Maybe it has to do with the films and TV shows we’ve seen. Or maybe it’s actual news stories. Whatever it is, the fear that comes with gene editing and manipulation is quite understandable. Especially if you have a wild imagination and can picture all sorts of catastrophic scenarios that irresponsible use of genetic engineering can bring about.
It’s a good thing scientists acknowledge these worrisome thoughts too. Which is why they have been working on a solution that will make the controversial gene editing tool, CRISPR-Cas9, more manageable and less threatening.
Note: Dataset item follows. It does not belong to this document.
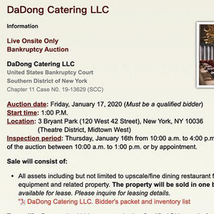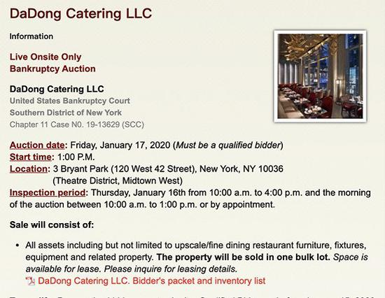 近日,大董烤鸭的美国公司DaDong Catering LLC(下称“纽约大董)悄然出现在了美国拍卖公司Moecker Auctions,Inc.的项目列表中。
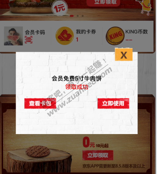 京东P员免费领取汉堡王肉饼

How? By making sure it has an ‘off-switch’ that can either undo everything it was programed to do, or at least stop it from progressing further. This is the primary objective of the Safe Genes Program of the Defense Advanced Research Projects Agency (DARPA) — ‘to build a biosafety and biosecurity toolkit to reduce potential risks and encourage innovation in the field of genome editing.’
Based on a recent study published in the journal Cell, it seems the efforts of researchers from the UCSF (University of California San Francisco) geared towards DARPA’s objectives are starting to pay off. The team, led by Dr. Benjamin Rauch, has figured out how to use anti-CRISPR proteins produced by bacterial viruses to shut off the CRISPR-Cas9 gene-editing system. This new approach can pave the way for a safer and more accurate way of studying and testing CRISPR on various applications.
CRISPR’s potential to treat diseases, reverse genetic disorders, improve crop productivity and do so much more is as appealing as it is disturbing because it can save and renew life, but it can do harm just as easily. Either someone can choose to intentionally make use of CRISPR for destructive and harmful purposes, or the technology itself fails on its own by accidentally modifying genes that shouldn’t be altered.
CRISPR-Cas9 is an adaptive immune system used by bacteria to fight off attackers. It works by copying bits of virus DNA and incorporating those into its own genetic code through an Ribonucleic acid, or RNA, and an enzyme called Cas9. Combined, it becomes the job of Cas9 to cut out attacking viral DNA, then initiate cell repair and replacement.
But that’s the ideal situation. The problem is — nothing is ever perfect, and sometimes a virus can still manage to find a way around the bacteria’s immune system. And when it is able to integrate itself into the bacteria’s genes, either the bacteria will start to attack itself, or something might take over to stop Cas9 from doing destructive cutting and replacing.
Reasoning that the latter is more logical, scientists searched for something in the bacteria that might serve an ‘anti-CRISPR’ function. They found 4 possible anti-CRISPR proteins. And when they did their tests, 2 of those proteins appeared to work against Cas9, meaning, the proteins were able to turn Cas9 off.
It’s a promising development that can potentially remove the fearsome power of CRISPR to do damage instead of good. And by finding a way to make these anti-CRISPR proteins effectively and reliably capable of stopping Cas9 when needed, gene editing might ultimately be embraced by everyone for all the wonderful benefits and changes it can bring to society.